Hace unos días, mientras me encontraba en una conferencia en el este de los Estados Unidos, tuve la oportunidad de escuchar la experiencia de un ingeniero que se convirtió a la Iglesia hace algunos meses. Los misioneros llegaron a su hogar y su esposa los invitó a " pasar. Su esposa respondió ávidamente al mensaje de los misioneros, mientras que él sintió que era empujado en contra de su voluntad. Una tarde ella indicó que deseaba ser bautizada. El se puso furioso. ¿Es que acaso no sabía ella lo que eso significaba? Esto significaría tiempo; significaría el pago de los diezmos; significaría renunciar a sus amigos, significaría tener que dejar de fumar. Se puso el sobretodo, salió de la casa con un violento portazo y se internó en la noche. Caminó por las calles maldiciendo a su esposa, maldiciendo a los misioneros y maldicíéndose a sí mismo por haberles permitido entrar y que les enseñaran. Al cansarse luego de tanto caminar, se tranquilizó siendo poseído de alguna manera, por el espíritu de oración. Oraba a medida que caminaba. Le pidió a Dios una respuesta a sus preguntas, luego de lo cual recibió una impresión, clara e inequívoca, que fue casi como si una voz articulara claramente las palabras y dijera: "Es verdad."
"Es verdad," se dijo a sí mismo una y otra vez. "Es verdad." Una serena paz invadió su corazón. A medida que caminaba de regreso hacia el hogar, las restricciones, las demandas, los requisitos sobre los cuales tanto se había exasperado, comenzaron a parecerle oportunidades. Cuando llegó a su hogar y abrió la puerta, vio que su esposa había estado orando.
Luego, delante de la congregación a la cual le había declarado esto, habló de la felicidad que desde entonces habían recibido en su vida. El pagar los diezmos no resultaba un problema. El compartir de algo de sus bienes con Dios, quien les había dado todo lo que tenían, no parecía suficiente. El tiempo que debían dedicar al servicio en la Iglesia tampoco resultaba un problema. Esto les requería solamente preparar con un poco más de cuidado el horario de los días de la semana. La responsabilidad tampoco presentaba ningún problema. Como consecuencia de todo esto comenzaron a desarrollarse y a mirar la vida desde un punto de vista diferente. Luego, este hombre de intelecto entrenado, el ingeniero acostumbrado a manejar los hechos del mundo físico en el cual vivimos,. Con húmedos ojos brindó su solemne testimonio sobre el milagro que en su vida se había llevado a cabo.

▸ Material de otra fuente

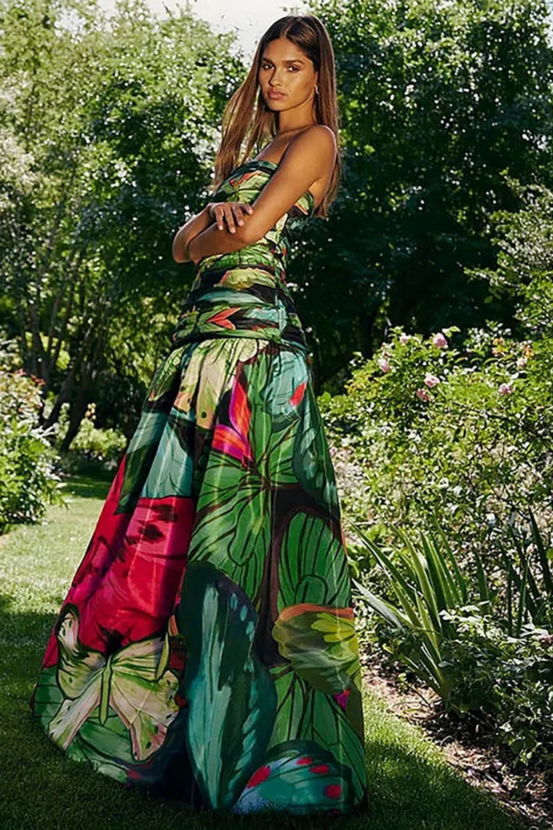 Butterfly Print Ruched Slimming Swimsuit Set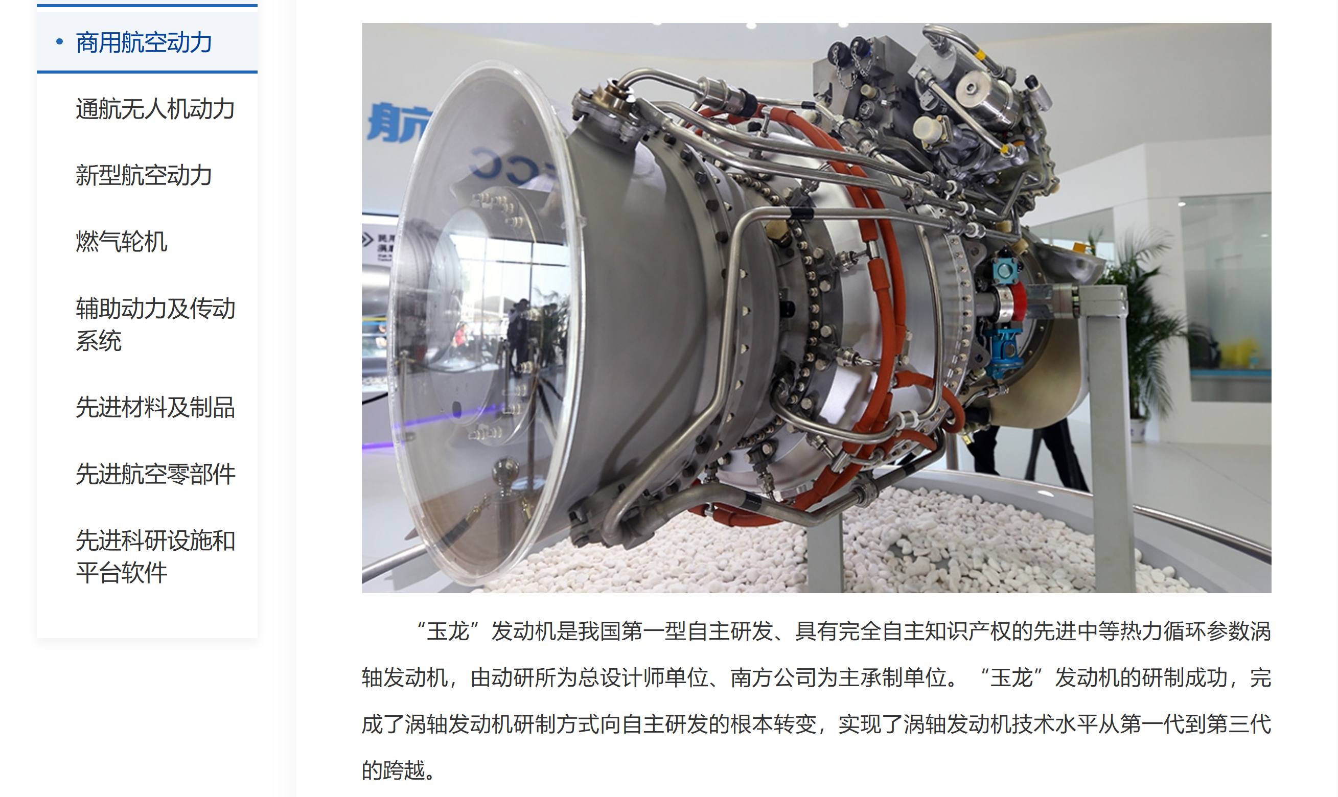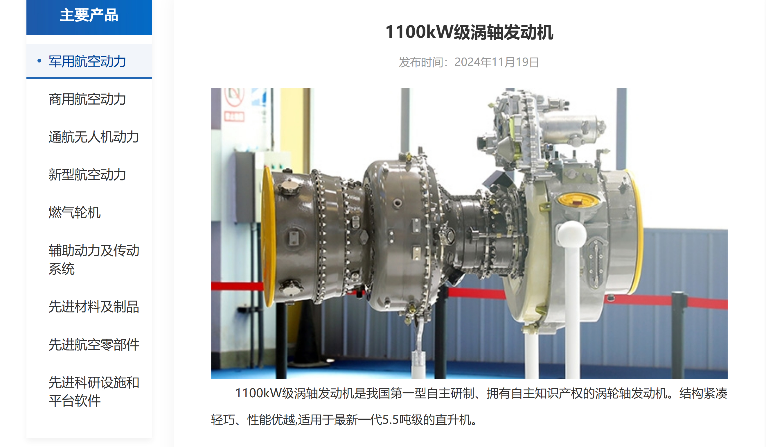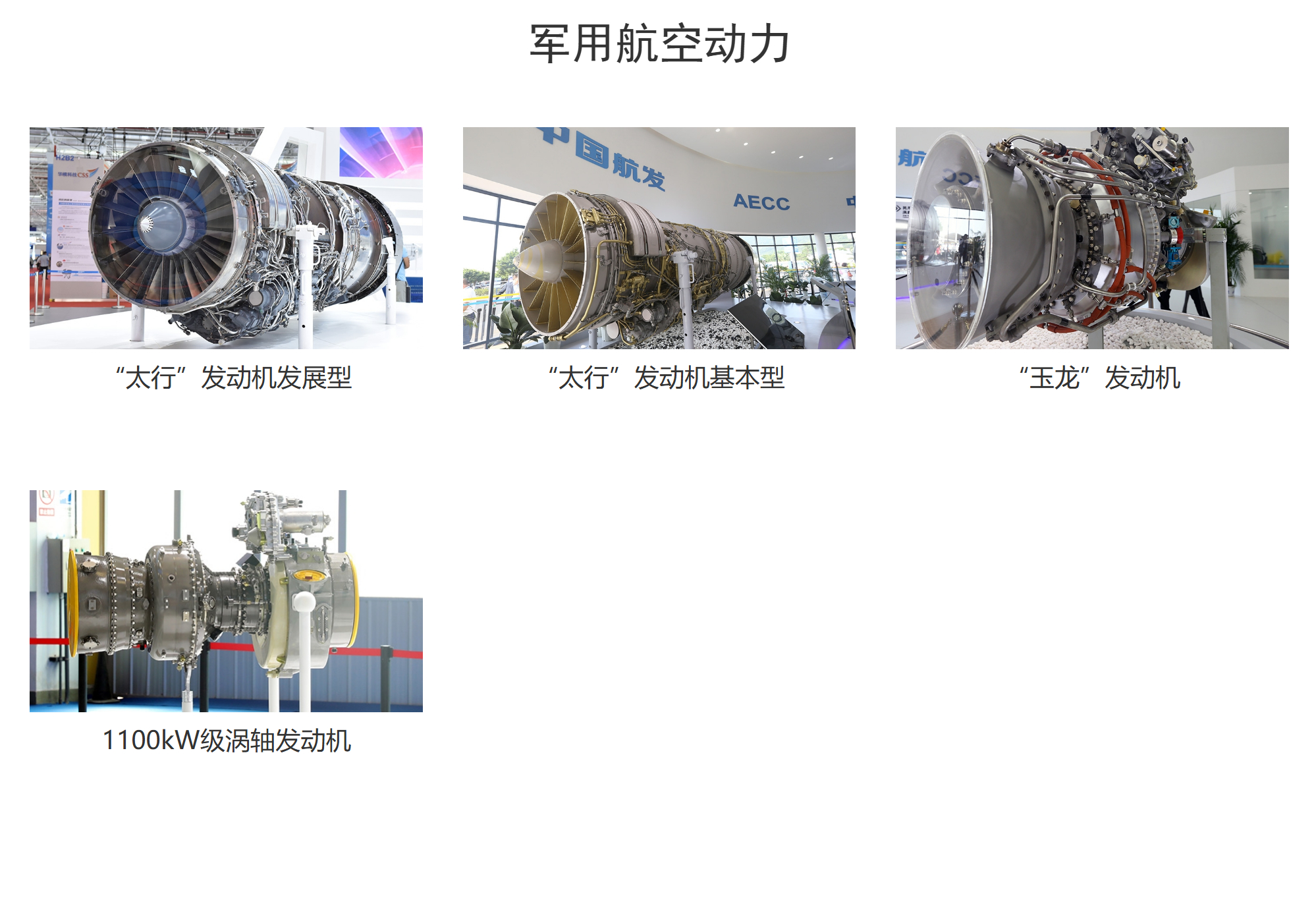 AECC官网产品目录中的 “军用航空动力” 栏目,收录有4型航发产品,包括太行基础型、太行改进型、玉龙涡轴发动机和1100KW级涡轴发动机

Lo mismo sucede con cientos de miles de personas en diferentes tierras; hombres y mujeres de diferentes capacidades y entrenamientos, de negocios y profesionales; hombres extremadamente prácticos que trabajan con los hechos laborales del mundo, en cuyos corazones arde el silente testimonio de que Dios vive, de que Jesús es el Cristo, de que su obra es divina, y que fue restaurada a la tierra para la bendición de todos aquellos que participaran de sus oportunidades.
El Señor dijo: "He aquí, yo estoy en la puerta y llamo; si alguno oye mi voz y abre la puerta, entraré a él y cenaré con él, y él conmigo." (Ap. 3:20.